I also harvested two doe antelope this year, but with no one to take pictures of me (I propped the camera on the cooler for this one) all I have are dead-on-the-ground shots that are more to remind me of every animal I take as the numbers go up and the years pass.

Anyway, the hunt didn't require goats, and I think that for pronghorn it would be extremely ethically wrong to take goats along. My guys won't be packing for next season, but after that, the mule deer and elk of Wyoming better watch out.


----------



## jross (Dec 20, 2008)

See my post about my elk hunt here:
viewtopic.php?f=11&t=770

In Oct I took my nephew on a rifle elk hunt. We watched 20 elk (incl. 3 bulls) bed down and he stalked to within 50 yards of them. Then the wind changed and they blew out of there. No shots at running elk allowed, so he's eating tag soup.

I just gave up on oryx hunting for the year. There are lots of oryx (a big African antelope) on White Sands Missile Range but they don't want them spreading from there into the surrounding country. So they have about 40-50 "off range" tags per month year round. Unfortunately they've been very successful at wiping them out off range. I hunted hard for 2 weeks and saw no oryx.

I took a friend on an oryx hunt last year along with my goats. We saw an oryx about 1000 yards away. He stalked to within 500 yards then it saw him and took off. It saw me and my goats lurking under a juniper tree and paid us no attention. I guess it thought the goats were deer or cows or some other 4 legged critters, and didn't worry. Here's a cool pic of my buddy and the goats:


----------



## B&amp;Cpacker (May 11, 2010)

My goats got to be lazy during hunting season. This is their first year and they went in on a few scouting trips and one early season hunting trip. I backpacked in solo during the general season here in Washing ton and was really wishing I would have used the goats.

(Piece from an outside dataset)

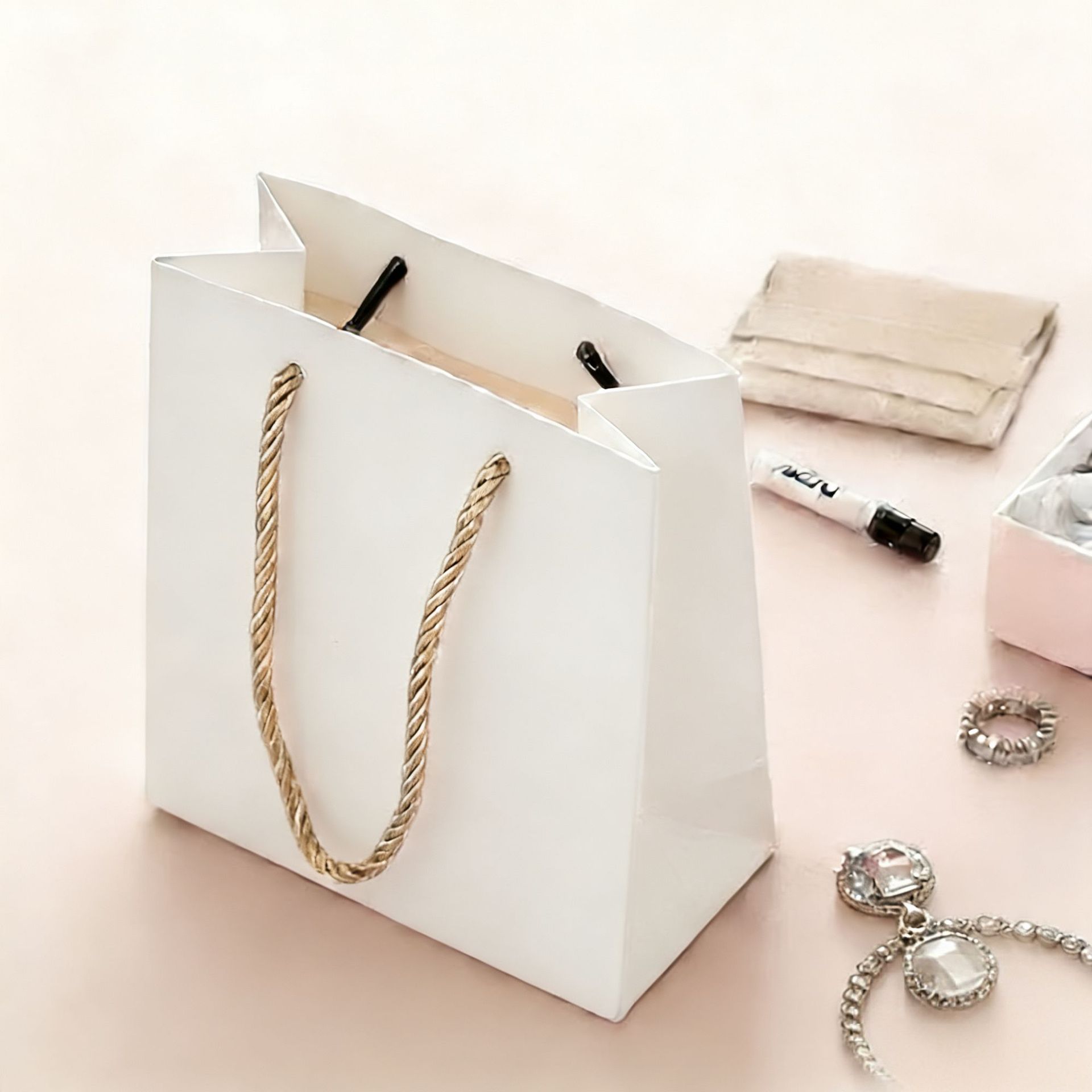 • 진주 화이트 엠보싱 코팅; 230g 백색 카드지 15*14*7cm

I didn't want to bring them because I didn't like the idea of leaving them back at camp alone while I hunted. Well I ended up getting a big bodied deer and had a 100+ pound pack out. 

Here's a couple of pics from scouting and hunting trips.


----------



## gsbswf (Apr 5, 2009)

Here I am with my very first elk. I didn't use goats, but I met my new hunting partner on this forum. He found the elk and called me so I could have a chance at finally harvesting my first elk. It was a heck of a stalk, and we were out in the sage, so it was more like antelope hunting. I shot just before dark, so all of our work was in the dark in a sub-zero blowing snow storm. Man does she taste good though, I am pretty sure she was a yearling. Amy and I live on game for our red meat, and I was looking at nothing but antelope for the entire year, so feeding on elk for the year will be awesome, and now I can experiment a little more with my antelope recipes, since I am usually trying not to run out of meat before the next season (usually we have 1 antelope and 1 deer for the whole year) so I do what I know is good and we like.


----------



## salmonfisher77 (Jul 15, 2009)

My first bear!!!








My buddies, the goats and I back to the truck!!!








On the trail if thats what you want to call it!!!


----------



## Rex (Nov 30, 2008)

> salmonfisher77" My first bear!!!


Bear is the only thing I haven't packed out yet. How did the goats react to it on the ground?


----------